Males Order Brides at Quest Theatre Ensemble | Theater review
A dastardly lawyer and a multitasking actress dupe a quartet of bachelors in Quest’s family-friendly, popcorn-chucking melodrama.

Males Order Brides at Quest Theatre Ensemble
For families with mischievous children, there’s no better bargain in Chicago than Males Order Brides, a melodrama with all the subtlety of Yosemite Sam but offering infinitely more opportunity for kids to disrupt and enhance the unfolding antics. In an abstract Old West, four men, believing their town devoid of suitable mates, employ an ingenious, dastardly lawyer to procure the women of their dreams, only to discover their true loves are right under their noses.

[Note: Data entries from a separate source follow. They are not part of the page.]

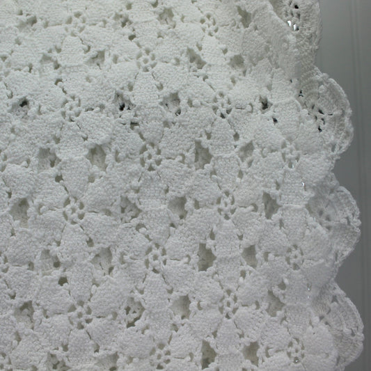 White Cotton Lace Hand Crochet Tablecloth Long Rectangle 78" X 40"
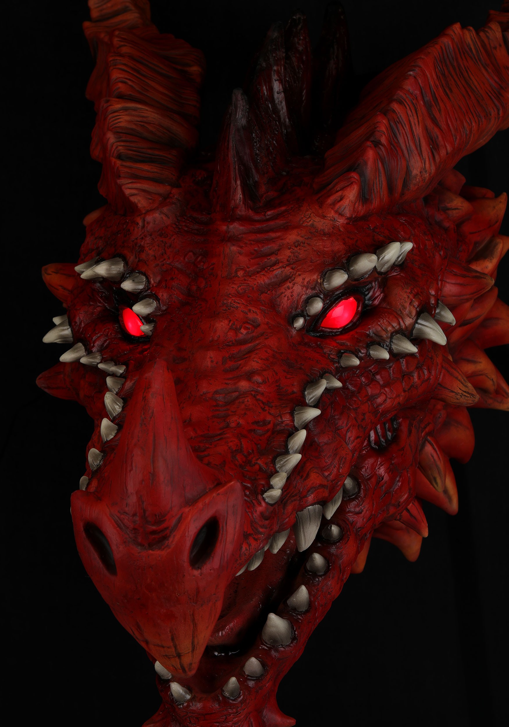 The dragon's head is molded from foam and richly painted for a look so grand, you'll be expecting it to demand a tribute of gold. Its light-up eyes glare menacingly, and its roaring sound effects will have guests questioning their life choices. Want to take it up a notch? It's fog machine compatible, so you can create a fiery breath effect that's 100% safe (and just a bit more awe-inspiring).
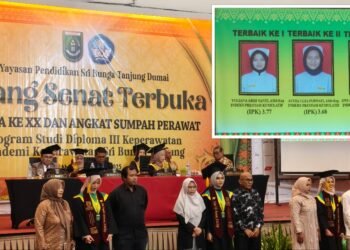 Gambar: Suasana khidmat Sidang Senat Terbuka Wisuda ke-XX Akademi Keperawatan Sri Bunga Tanjung Dumai di Ballroom Hotel Grand Zuri. Tampak ...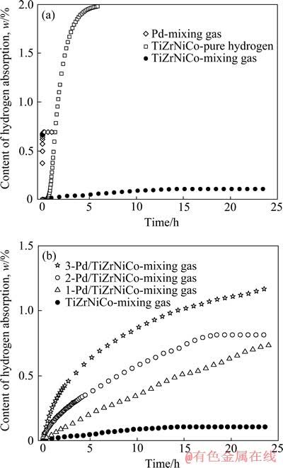 图9 Pd/TiZrNiCo在混合气体中的吸氢动力学曲线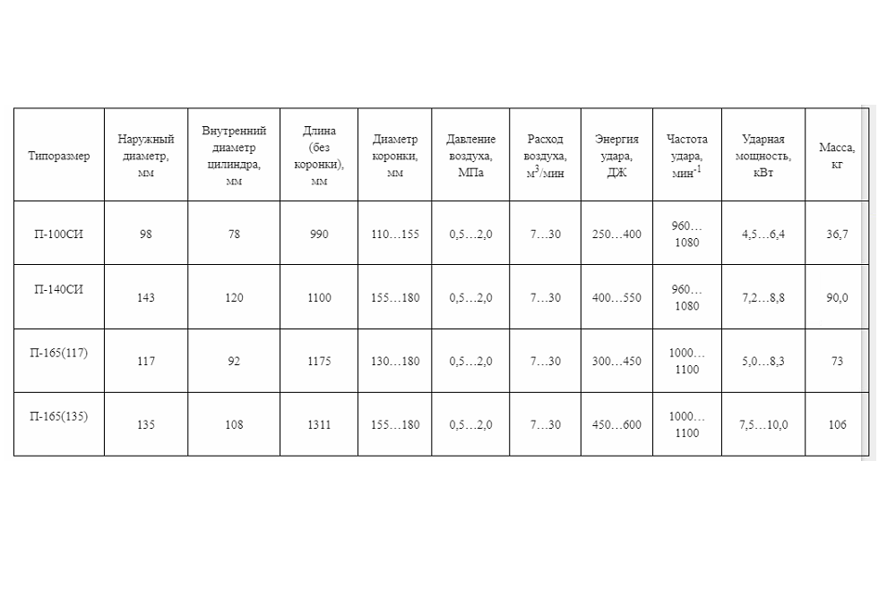 Погружные пневмоударники П-100СИ, П-140СИ, П-165(135), П-165(117) представляют собой бесклапанное устройство, которое сконструировано с учётом использования независимого вращения для бурения горных пород буровыми коронками. Погружные пневмоударникиП-100СИ, П-140СИ, П-165(135), П-165(117) рассчитаны для использования сжатого воздуха высокого давления до 2 МПа, что обеспечивает эффективное бурение при давлении воздуха 0,5 МПа и производительности кмпрессора от 7 до 30 м3/мин. Производительность пневмоударников определяется величиной рабочего давления воздуха, типом буровой установки и конкретными условиями бурения. Пневмоударники оснащены обратным клапаном, который предупреждает попадание воды в пневмоударник при отключении подачи сжатого воздуха. За счет использования сжатого воздуха высокого давления обеспечивается высокая скорость проходки, уменьшение времени бурения, эффективная очистка забоя от бурового шлама.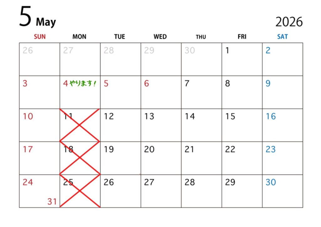 2026.03.04(水)2026年5月営業日のお知らせ5月の営業カレンダーです! 5/4は月曜ですが営業日になります!よろしくお願いします!!2026年5月 2026年3月・4月営業日のお知らせ 一覧を見る 月別の一覧2026年3月 (1)2月 (1)1月 (1)2025年12月 (1)11月 (4)10月 (3)9月 (3)8月 (4)7月 (4)6月 (1)3月 (1)1月 (1)2024年12月 (1)11月 (1)9月 (2)6月 (1)5月 (1)4月 (2)2月 (2)1月 (1)2023年12月 (1)10月 (1)8月 (1)7月 (1)5月 (1)4月 (2)2月 (1)1月 (1)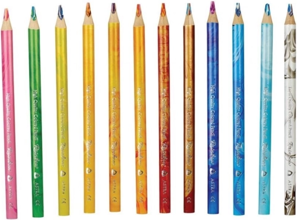 Creioanele din lemn ASTRA cu formă triunghiulară, mărime jumbo, sunt proiectate pentru o priză confortabilă și creativitate maximă. Miezul multicolor special creează la fiecare trasare linii variate, care își schimbă nuanța în mod lin, fără a fi nevoie să rotești creionul. Sunt excelente pentru desenarea apei, ierbii, cerului sau nisipului, unde ies în evidență tranzițiile naturale de culoare.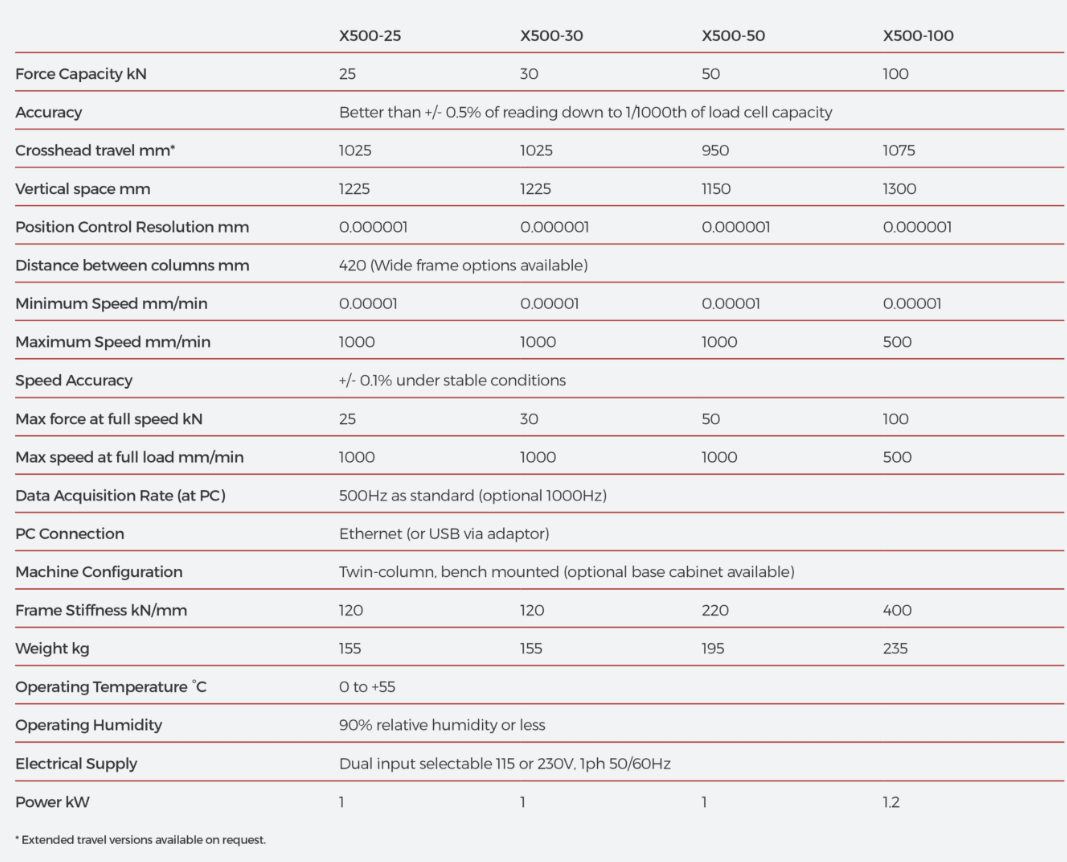 High stiffness loading frames with solid specialised steel crossheads and rigid extruded support columns with T-slots for accessory mounting.

The slog to this conclusion is devoid of surprise, sure, but not of delight, as the audience is dutifully trained to cheer the hero and both boo and throw popcorn at the villains, a mustached Jason Bowen and Kieran Welsh-Phillips, who earns her keep embodying the actress turned extortionist who portrays each of the prospective brides. Yet Kentucky community-theater scribe Billy St. John (whose participatory melodrama fare also includes such gems as Evil Doings in Queen Toots’ Tomb and Heaven Help the Po’ Taters) offers only obvious, tired jokes, and the second act loses all momentum in what should be a dazzling set piece of quick-change astonishment. And too often the actors are disoriented by the perfectly timed popcorn-chucking of a prepubescent Marx brother.